A link-state routing algorithm optimised for mobile ad-hoc networks is the Optimised Link State Routing Protocol (OLSR).^[1] OLSR is proactive; it uses Hello and Topology Control (TC) messages to discover and disseminate link state information through the mobile ad-hoc network. Using Hello messages, each node discovers 2-hop neighbor information and elects a set of multipoint relays (MPRs). MPRs distinguish OLSR from other link state routing protocols.

  Path vector protocol

Distance vector and link state routing are both intra-domain routing protocols. They are used inside an autonomous system, but not between autonomous systems.

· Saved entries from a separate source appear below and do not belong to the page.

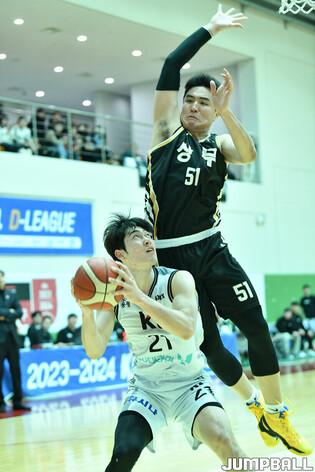 11일 이천 LG챔피언스파크에서 열린 2023-2024 KBL D-리그 DB와 LG의 경기, DB 이윤수와 LG 박정현이 경기 시작 점프볼을 다투고 있다.
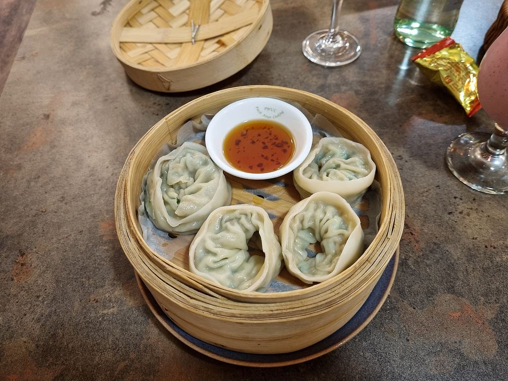 Wir hatten Sommerrollen und gefüllte Teigtaschen als Vorspeisen, einen Lassi mit Sojamilch und als Hauptspeise veganes Hähnchen mit Nudeln aus Soja und Sesamtofu. Und ich fand alles davon sehr lecker! Es gibt eine echt große Auswahl, u.a. vegane Ente (Seitan) und veganes Hähnchen (Soja), Curry, Reis, Nudeln und typische asiatische Vorspeisen (Frühlingsrollen, gesalzene Edamame, Sommerrollen, Dumplings etc.). Würde hier jederzeit wieder essen gehen!
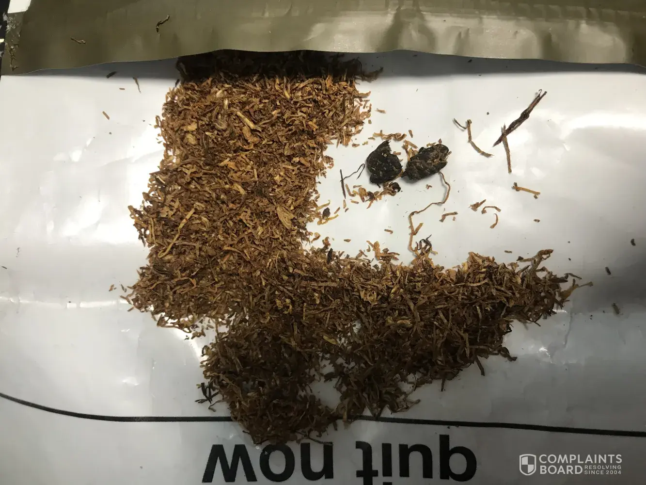 Desired outcome: Replacement Pouch of acceptable quality Tobacco &/or a refund and an explanation as to why your product has nose dived recently... I've been a loyal customer for a Very Long Time and I'm currently feeling very disappointed!
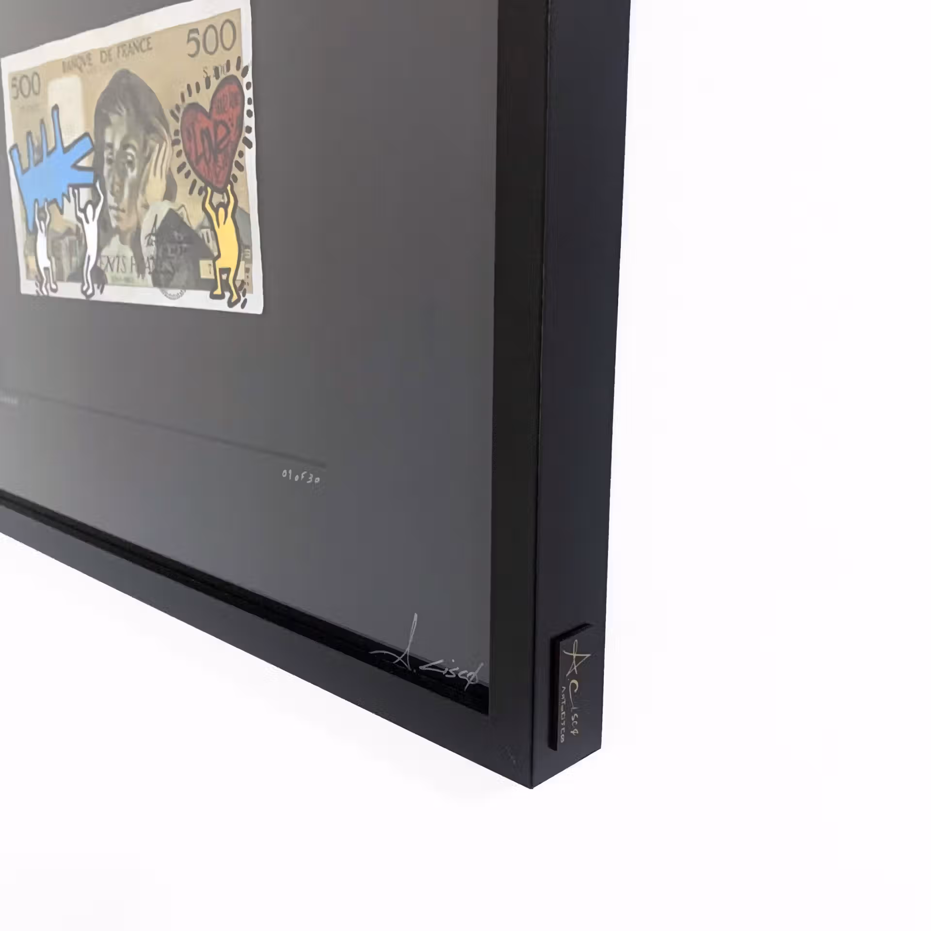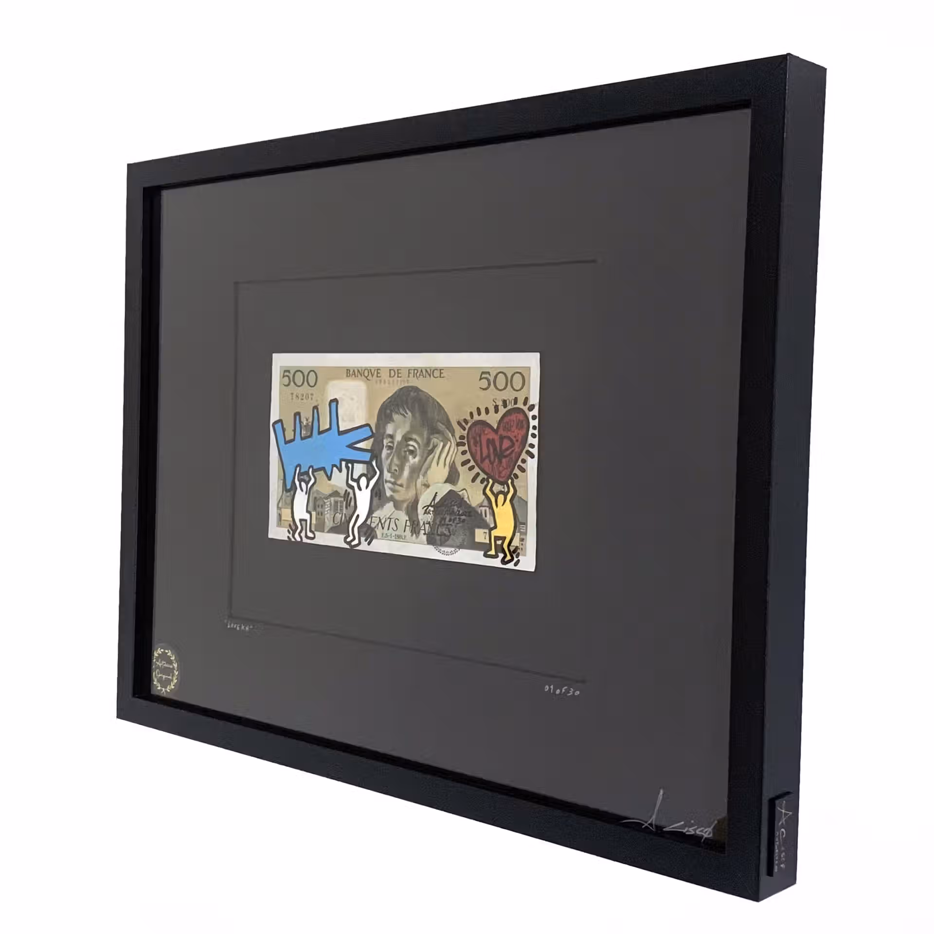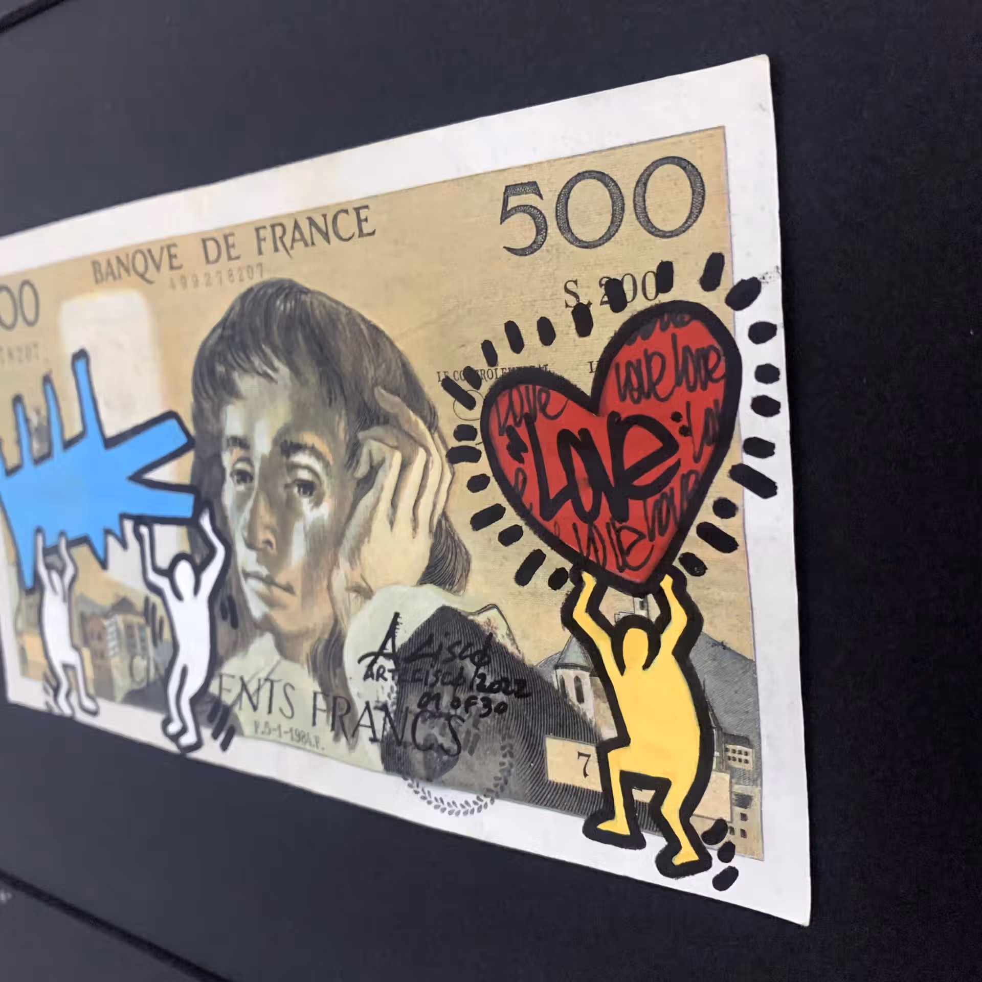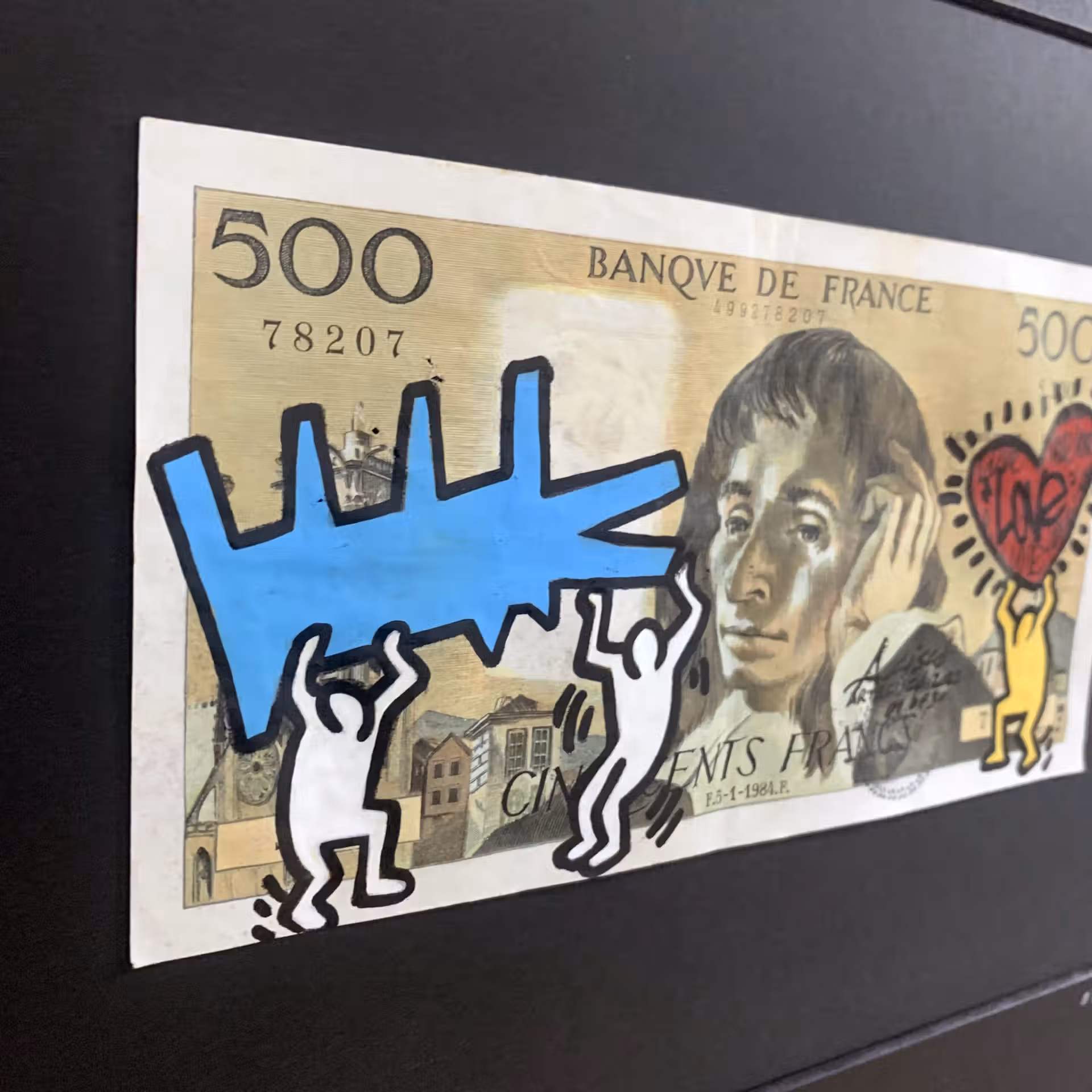Il s’agit ici d’un dessin réalisé sur un authentique billet de 500Frs appelé « Pascal » dont le thème est un hommage et mise en abîme de Keith Haring.

Both of these routing protocols become intractable in large networks and cannot be used in Inter-domain routing. Distance vector routing is subject to instability if there are more than a few hops in the domain. Link state routing needs huge amount of resources to calculate routing tables. It also creates heavy traffic due to flooding.

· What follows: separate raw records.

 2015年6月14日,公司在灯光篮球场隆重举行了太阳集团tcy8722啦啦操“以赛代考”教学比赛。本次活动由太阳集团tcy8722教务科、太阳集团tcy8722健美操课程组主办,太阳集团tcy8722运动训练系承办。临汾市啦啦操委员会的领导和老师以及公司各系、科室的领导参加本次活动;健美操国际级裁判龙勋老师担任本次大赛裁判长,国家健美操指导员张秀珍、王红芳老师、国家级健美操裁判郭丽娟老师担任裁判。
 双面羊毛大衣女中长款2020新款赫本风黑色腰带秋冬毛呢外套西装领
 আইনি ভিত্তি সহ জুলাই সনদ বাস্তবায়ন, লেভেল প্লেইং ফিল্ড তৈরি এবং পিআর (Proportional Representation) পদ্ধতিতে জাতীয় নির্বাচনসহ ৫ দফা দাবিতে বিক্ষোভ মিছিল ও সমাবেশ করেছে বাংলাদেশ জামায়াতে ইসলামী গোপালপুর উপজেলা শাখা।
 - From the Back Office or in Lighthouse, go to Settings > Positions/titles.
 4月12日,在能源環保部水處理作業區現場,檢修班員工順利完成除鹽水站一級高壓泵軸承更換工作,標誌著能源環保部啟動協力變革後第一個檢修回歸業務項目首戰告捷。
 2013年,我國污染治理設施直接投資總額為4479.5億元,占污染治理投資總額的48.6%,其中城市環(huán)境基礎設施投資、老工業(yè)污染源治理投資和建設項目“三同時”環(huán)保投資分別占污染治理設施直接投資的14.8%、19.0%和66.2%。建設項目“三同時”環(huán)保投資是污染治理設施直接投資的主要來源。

Path vector routing is used for inter-domain routing. It is similar to distance vector routing. In path vector routing we assume there is one node (there can be many) in each autonomous system which acts on behalf of the entire autonomous system. This node is called the speaker node. The speaker node creates a routing table and advertises it to neighboring speaker nodes in neighboring autonomous systems. The idea is the same as distance vector routing except that only speaker nodes in each autonomous system can communicate with each other. The speaker node advertises the path, not the metric of the nodes, in its autonomous system or other autonomous systems. Path vector routing is discussed in RFC 1322; the path vector routing algorithm is somewhat similar to the distance vector algorithm in the sense that each border router advertises the destinations it can reach to its neighboring router. However, instead of advertising networks in terms of a destination and the distance to that destination, networks are advertised as destination addresses and path descriptions to reach those destinations. A route is defined as a pairing between a destination and the attributes of the path to that destination, thus the name, path vector routing, where the routers receive a vector that contains paths to a set of destinations. The path, expressed in terms of the domains (or confederations) traversed so far, is carried in a special path attribute that records the sequence of routing domains through which the reachability information has passed.

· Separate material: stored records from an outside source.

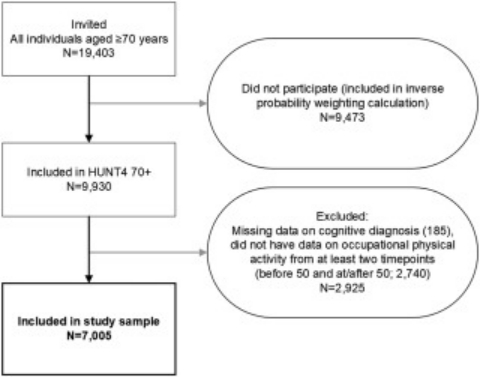 此研究数据来自挪威Trøndelag健康研究(HUNT4 70+,2017-2019)第四波70+子研究,经过筛选,最终纳入7005名年龄在70-105岁(出生于1914-1949年)的参与者,他们的认知评估数据和职业PA数据来自两个时间点:在50岁之前和在50岁或之后。由于缺乏30-32岁年龄段的职业数据来创建30岁开始的轨迹,因此轨迹仅包括33-65岁的职业PA。
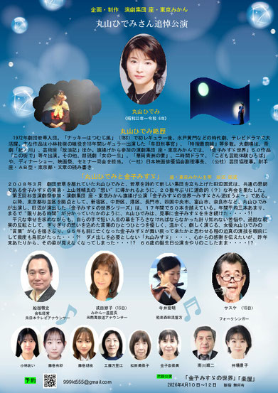 以降、東京都杉並区を拠点として、新宿区、中野区、港区、長門市、四国中央市、富山市、奈良市など、丸山ひでみが金子みすゞを演じ、田辺が演出した「金子みすゞの世界シリーズ」は、17年間で50本を越えている・・・。まるで“限りある時間”が分かっていたかのように、丸山ひでみは、見事な金子みすゞを演じ続けた・・・・?!
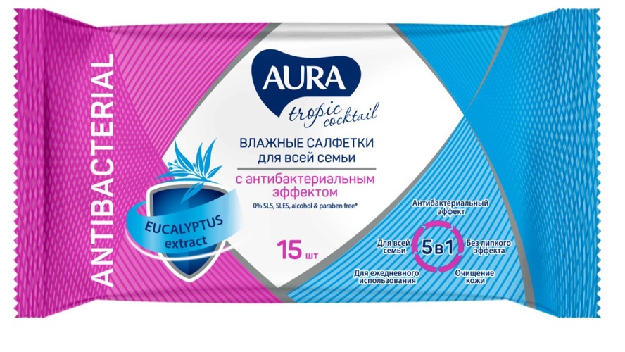 Aura влажные салфетки с антибактериальным эффектомТропический коктейль 15шт
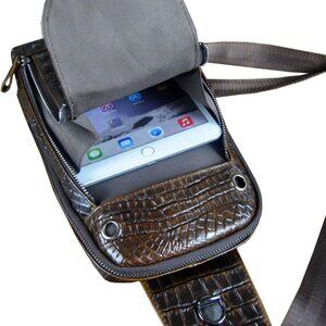 🧿Durable & Vintage Crocodile Leather Sling Bag: This sling bag is made of crocodile genuine leather, top-quality zippers, adjustable strap, fabric lining, leather and excellent workmanship, vintage and fashionable type design, which shows your outstanding temperament when travel outdoor camping.
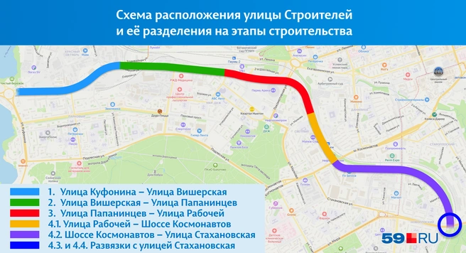 Стройка улицы Строителей разделена на 4 этапа. Работы по третьему должны завершить до конца 2025 года, однако уже сейчас движение по нему открыто, за исключением одного съезда. Следующий, четвёртый этап строительства дорожники разделили на несколько подэтапов:
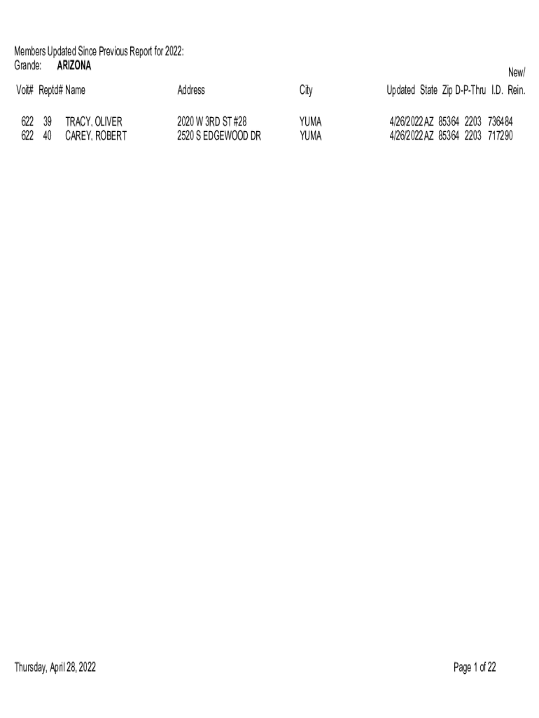 Members Updated Since Previous Report for 2022: Grande: ARIZONA Void# Kept# Name 622 62239 40TRACY, OLIVER CAREY, ROBERTThursday, April 28, 2022AddressCity2020 W 3RD ST #28 2520 S EDGEWOOD DRY UMA

  Comparison of routing algorithms

Distance-vector routing protocols are simple and efficient in small networks and require little, if any, management. However, traditional distance-vector algorithms have poor convergence properties due to the count-to-infinity problem.

This has led to the development of more complex but more scalable algorithms for use in large networks. Interior routing mostly uses link-state routing protocols such as OSPF and IS-IS.

A more recent development is that of loop-free distance-vector protocols (e.g., EIGRP). Loop-free distance-vector protocols are as robust and manageable as naive distance-vector protocols, but avoid counting to infinity, and have good worst-case convergence times.

  Path selection

Path selection involves applying a routing metric to multiple routes, in order to select (or predict) the best route.

In the case of computer networking, the metric is computed by a routing algorithm, and can cover such information as bandwidth, network delay, hop count, path cost, load, MTU, reliability, and communication cost (see e.g. this survey for a list of proposed routing metrics). The routing table stores only the best possible routes, while link-state or topological databases may store all other information as well.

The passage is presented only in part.